Selenium-based hetero-circulene monolayer: Coexistence of gapped Dirac fermions, heavy fermions and semiconductivity in a single quantum platform with lithium-ion battery applications
Abstract
Semiconductivity, Dirac fermions, and correlated heavy fermions typically emerge in distinct material classes, such as transition metal dichalcogenides, graphene, and magic-angle twisted bilayer graphene. Integrating all three quantum features into a single platform has long been a challenge. In this study, we introduce a two-dimensional selenium-based hetero-circulene (Se-HC) monolayer composed of a carbon–selenium framework and explore its properties using density functional theory. The Se-HC monolayer exhibits dynamical, thermal, and mechanical stability.
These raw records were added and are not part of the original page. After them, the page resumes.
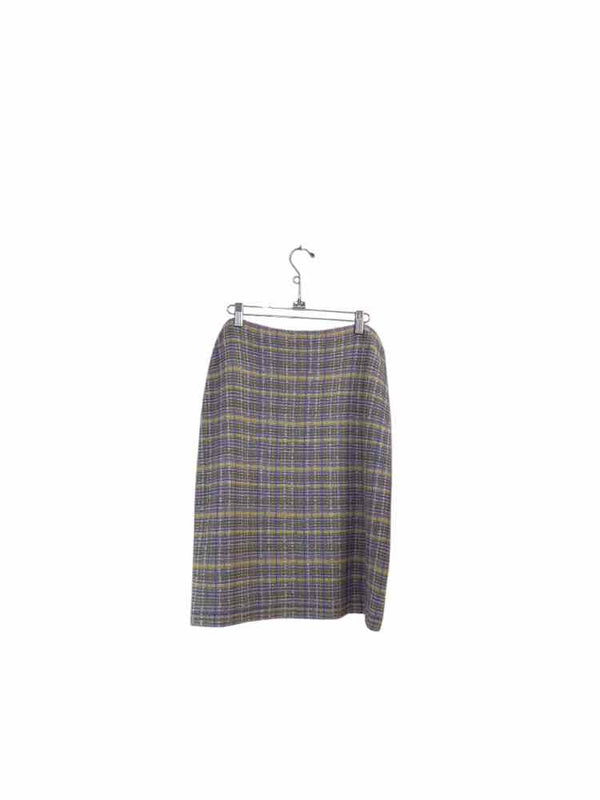 The periwinkle green and gray pattern of the st john Periwinkle and multi Size 10 Skirt brings a distinctive flair to authentic luxury resale and pre-loved designer style. This midi skirt, crafted from woven fabric and featuring a convenient side zipper, reflects the renowned attention to detail found in women's consignment fashion. With its new-with-tags (NWT) condition, it’s a chic addition for those seeking refined pieces from trusted designer labels. The multi-tonal palette makes this skirt a versatile choice for any wardrobe refresh, offering both elegance and comfort from a notable brand in modern fashion.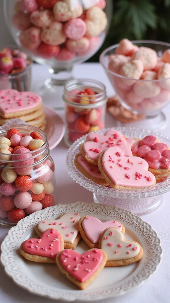 A sweets spread invites smiles. Use clear jars and decorative trays from the dollar store to show treats. Fill jars with heart candies, chocolate berries, or cookies. The colors and textures add a festive layer to the table.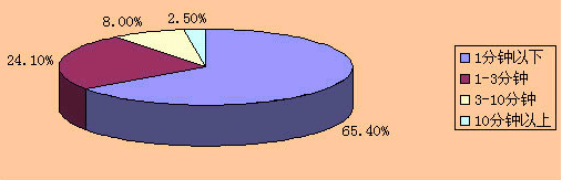 從圖1可知,電話用戶在本地通話中,通話時長在1分鐘以下的占65.4%,1~3分鐘的占24.1%,兩者相加占總通話次數(shù)的89.5%。如果以通話時長3分鐘為是否使用“彩話”業(yè)務(wù)的判斷點,那么電話用戶通話次數(shù)中僅有10.5%需要設(shè)置“彩話”業(yè)務(wù),這與“彩鈴”用戶在100%的通話次數(shù)中采用“彩鈴”業(yè)務(wù)有相當大的差距。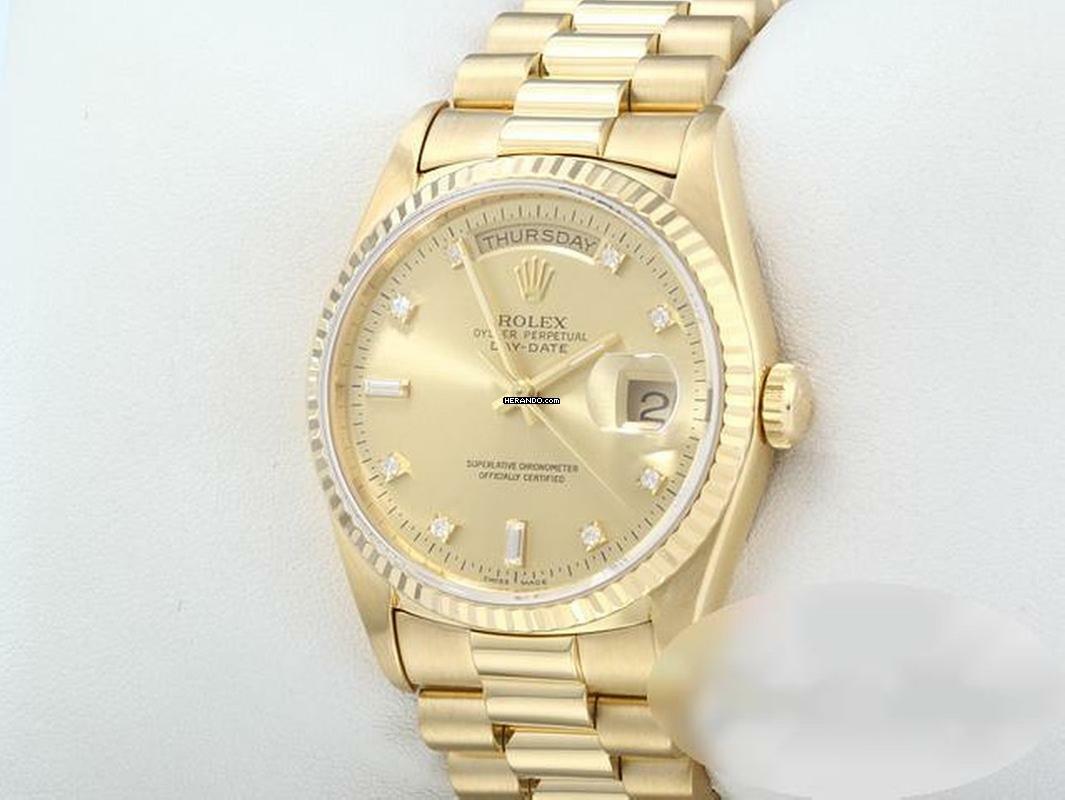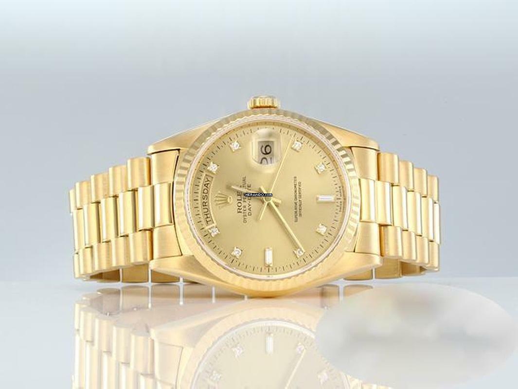 Diese einmalig-schöne und sehr exklusive Rolex ist aus feinstem Gelbgold 750 gefertigtFantastisches und seltenes champagnerfarbenes Zifferblatt mit 10 strahlenden Diamanten besetzt, original von Rolex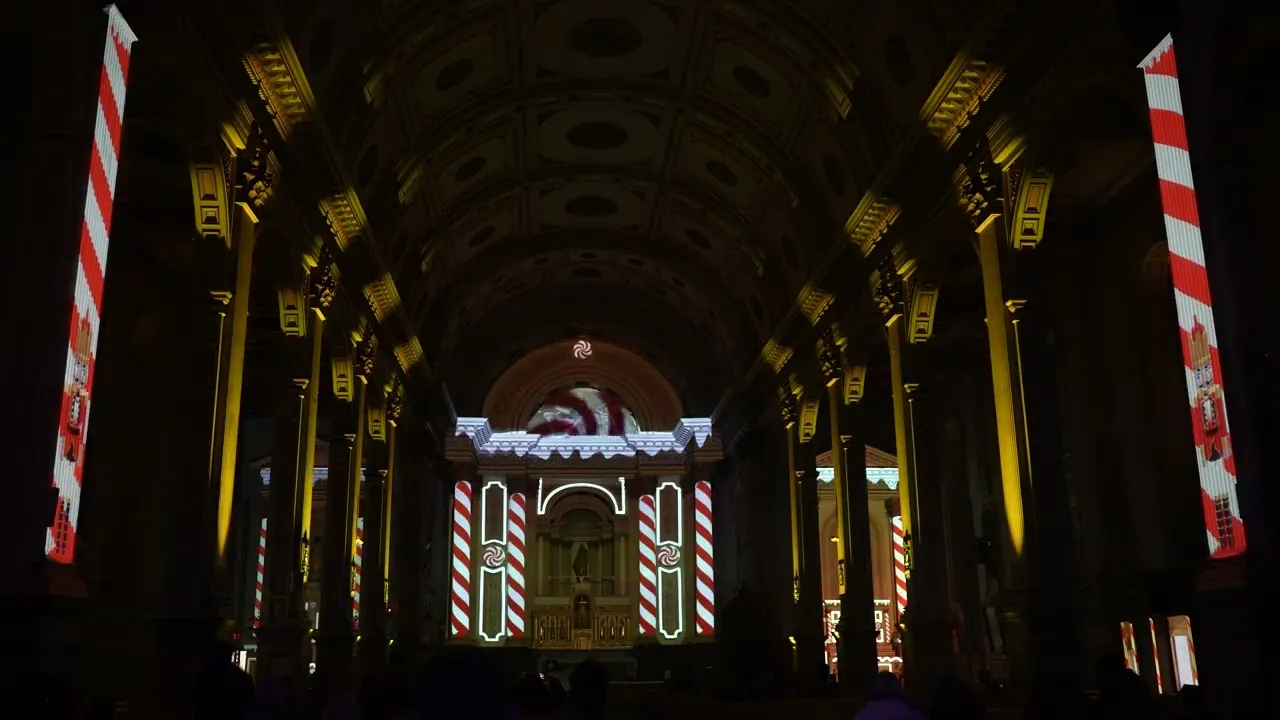 Lumières sur mon patrimoine was my very first large-scale mapping project with La Cargaison. Presented at Christmas 2023 in the Saint-Jean-l’Évangéliste Cathedral, this 17-minute immersive show used eight projectors to transform the architecture into a luminous work of art. I created a visual tableau for Ave Maria, performed by Dominica Merola — a moving and symbolic first step into the world of large-scale projection mapping.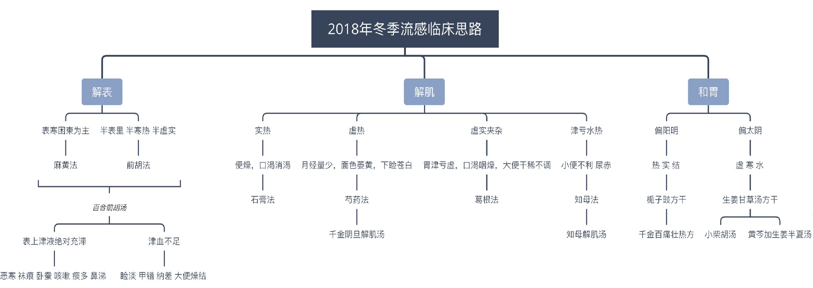 此次流感,很多患者发热、恶寒比较明显,或伴眼睑红鲜,肢体酸沉困痛,代表人体表位的津血充滞明显;同时下肢袜痕,目下卧蚕,咳嗽,痰多,鼻涕,喷嚏,为上焦和人体的表位充滞着风寒和水饮,类似“溢饮”“风水”,这种情况是麻黄剂的应用范畴。本次流感,解表往往多选麻黄剂或者麻黄配前胡;而里的层面,此次患流感的患者在病程中常伴有口干口苦,甚至口渴饮多,部分患者伴有大便秘结、小便频或者大便稀溏的表现。若用麻桂攻表,则可能加重里热,使热势反复。这就要求我们细分在里津液的虚实、寒热,灵活选用适合体内津液状态的方法,使表邪得以充分透解,而不至于加重里虚或者里热的情况。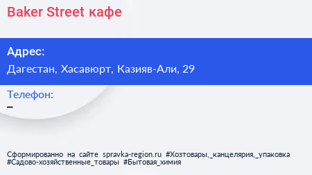 Baker Street, кафе по адресу Дагестан, Хасавюрт, Казияв-Али, 29 в дальнейшем Организация, размещена в следующих категориях: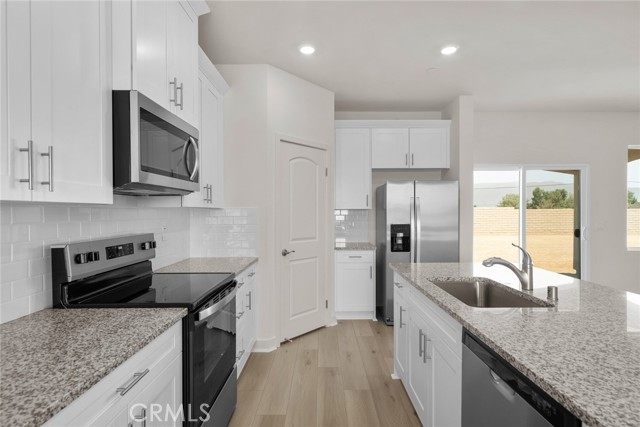 Hermosa Make a lasting impression with this gorgeous new construction home in Apple Valley. Designed for modern living, this single-story home offers three bedrooms and two bathrooms, exuding charm and warmth throughout. The open-concept layout seamlessly connects the kitchen and family room, making it the perfect space for entertaining. Retreat to the master suite, which features a luxurious en-suite bathroom with a spacious shower and a walk-in closet. This home includes an array of high-end upgrades at no additional cost, such as granite countertops, energy-efficient kitchen appliances, a Wi-Fi-enabled garage door opener, solar panels, and more.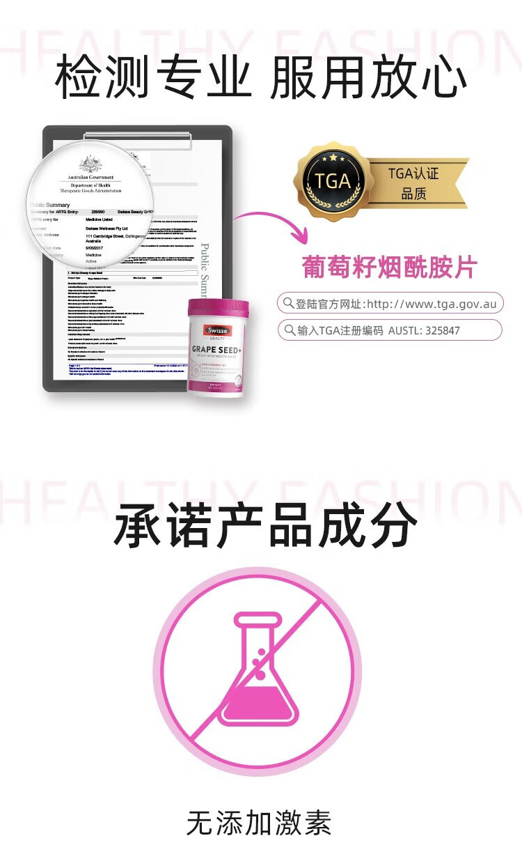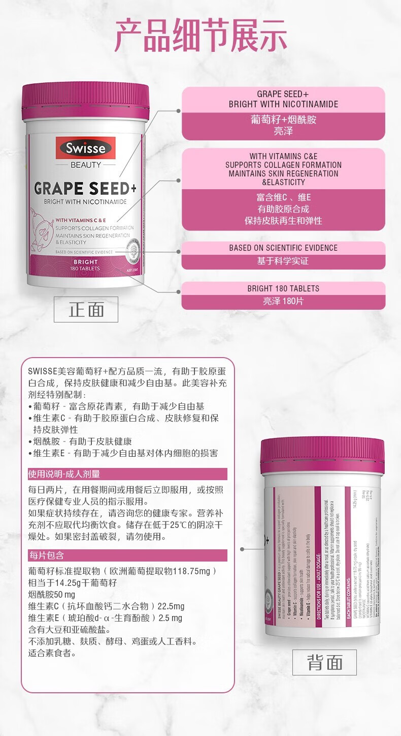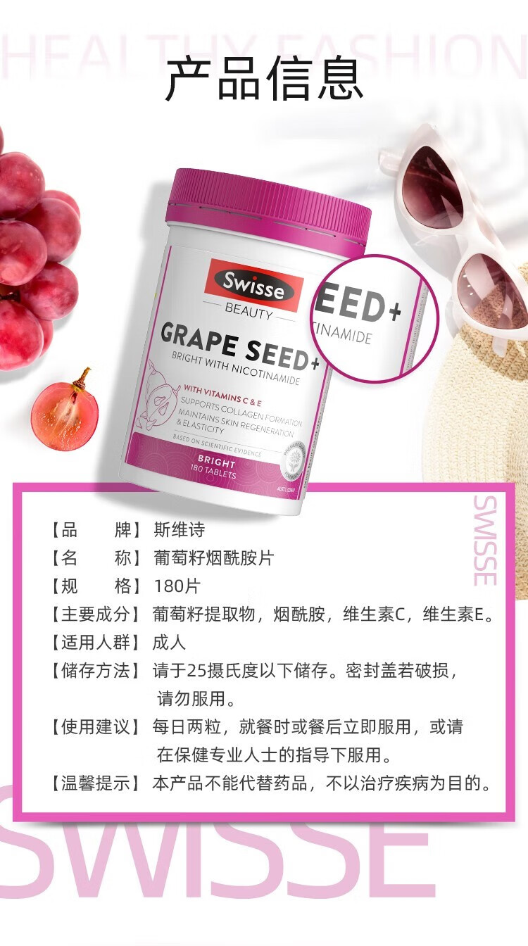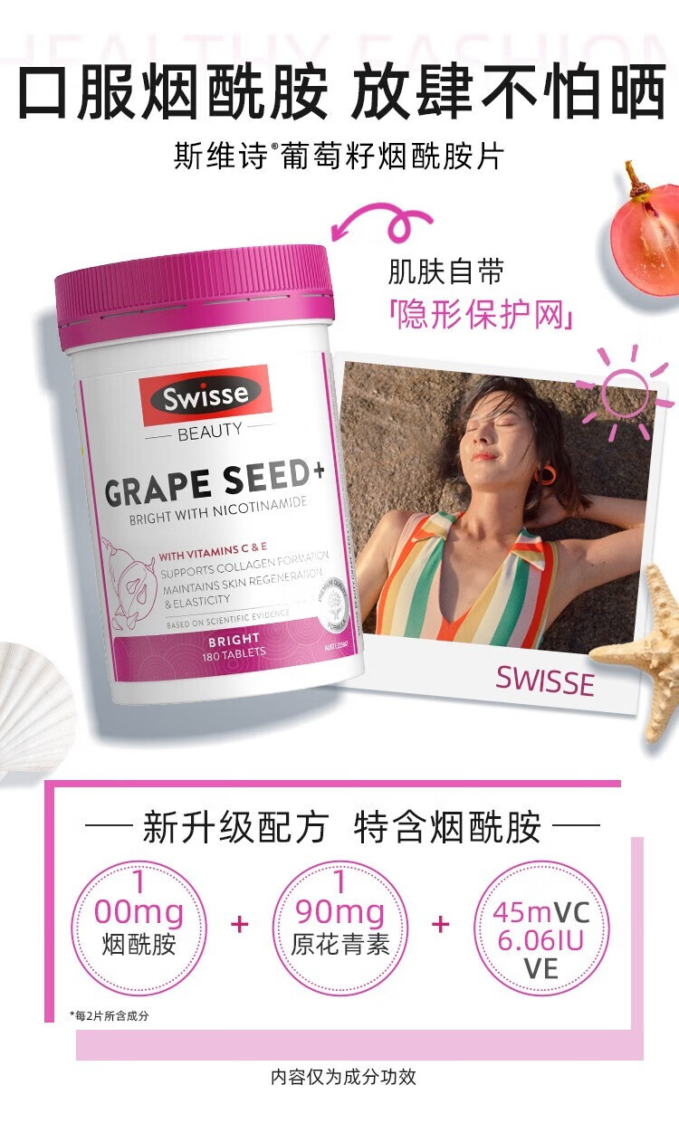 【保税仓】澳大利亚Swisse斯维诗烟酰胺葡萄籽 180粒(有效期至28年1月)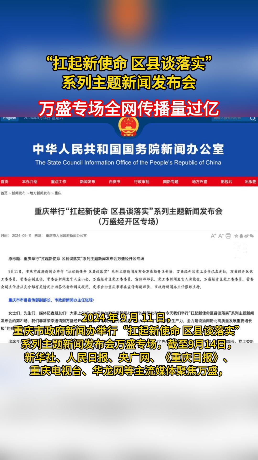 “扛起新使命 区县谈落实”系列主题新闻发布会万盛专场全网传播量过亿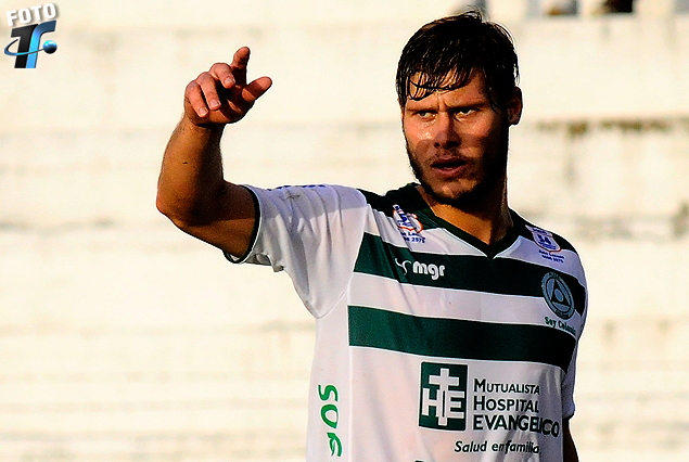 Germán Rivero en el festejo del primer gol.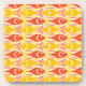 Mid-Century Modern design of stylised fish, alternating positive and negative space - mixed media graphic in bright, candy shades of light orange, tangerine, pink grapefruit and yellow, accented with white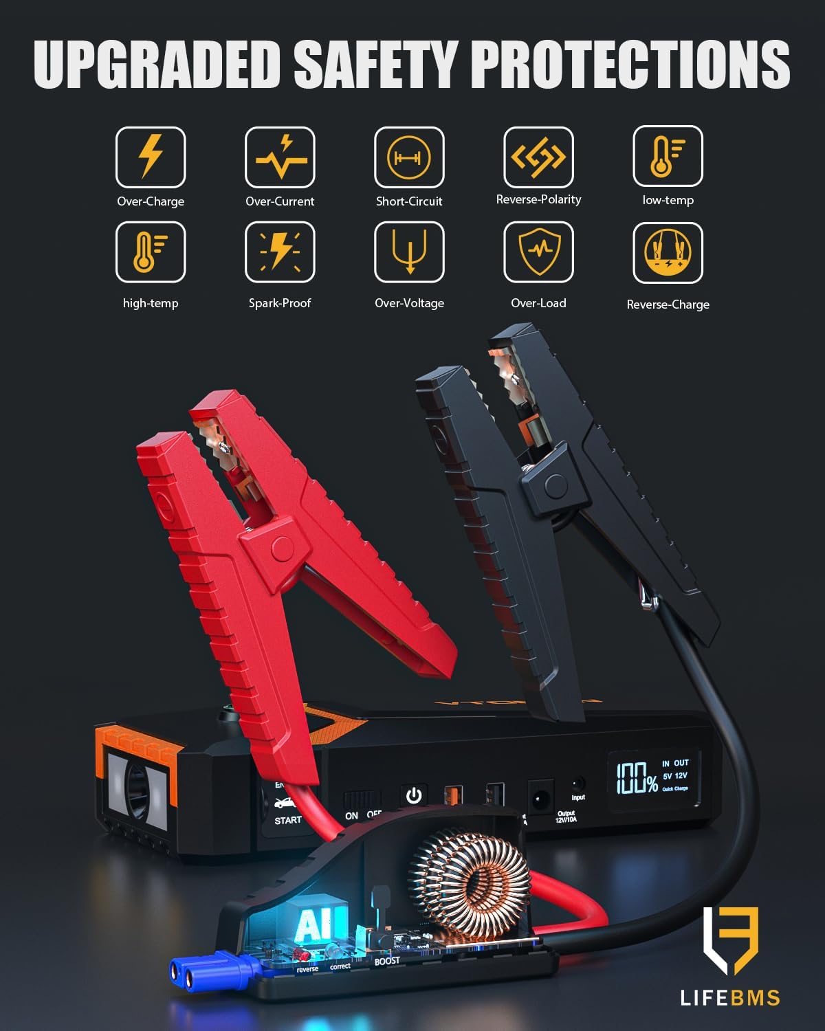 VTOMAN V8 Pro 3000A Jump Starter, Car Battery Charger Jump Starters for Up 8.5L Gas and 6.5L Diesel Engines, 12V Auto Lithium Battery Booster Pack, Portable Jump Box with Jumper Cable LCD Display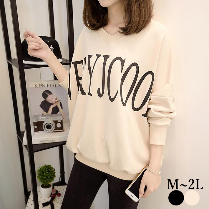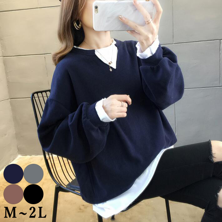 サイトスリット切り替えトレーナースウェットコットンパーカーロゴ トップスレディース長袖 体型カバーゆったりオーバーサイズレディース 無地 春秋ML2L3L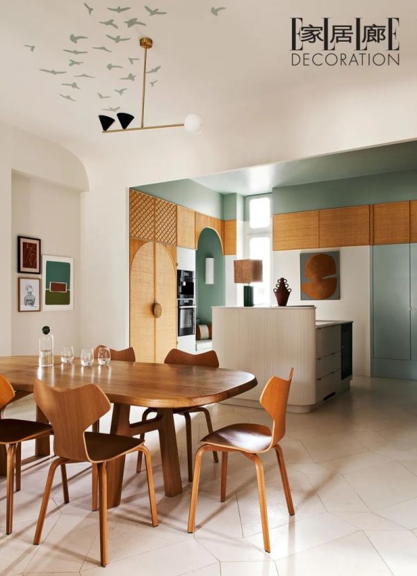 厨房、餐厅区域令人重拾内心的平静。实木餐桌周围一圈摆放着GrandPrix餐椅,1957年由Arne Jacobsen设计(FritzHansen)。天花板上的装饰画由GCG建筑事务所设计、Jeanne Boyer绘制。Balancing吊灯出自Atelier Areti。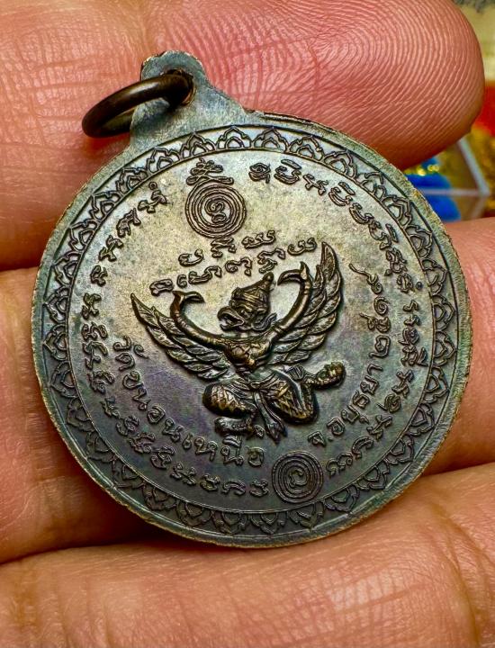 เหรียญกลมหลังครุฑ หลวงพ่อพรหม วัดขนอนเหนือ เนื้อทองแดง ปี 2519

Strikingly, its electronic structure reveals a rare coexistence of gapped Dirac fermions and heavy fermions, with linearly dispersive and flat bands near the Fermi level. The Dirac cones are isotropic, with a Fermi velocity of ∼1.94 × 10 5 m/s. A narrow direct band gap separates these states by 73 meV using PBE-GGA and 0.40 eV with HSE06, enabling semiconducting behaviour without sacrificing Dirac physics. The band gap is highly tuneable via mechanical strain, compressive strain increases it, while tensile strain reduces it. We also study quasi-one-dimensional derivatives, including nanoribbons and nanotubes, and assess potential of Se-HC as a lithium-ion battery anode. This integration of semiconducting, Dirac, and flat-band features positions Se-HC as a versatile platform for quantum materials, with promising implications for next-generation electronic and energy applications. • A 2D Se-HC monolayer uniquely integrates semiconducting, Dirac fermion, and flat-band features. • Coexistence of gapped Dirac fermions and massive fermions is confirmed near the Fermi level. • The monolayer exhibits isotropic Dirac dispersion with a Fermi velocity of ∼1.94 × 10 5 m/s. • Mechanical strain enables tuneable band gaps without disrupting Dirac physics. • Se-HC nanostructures show strong potential as high-performance lithium-ion battery anodes.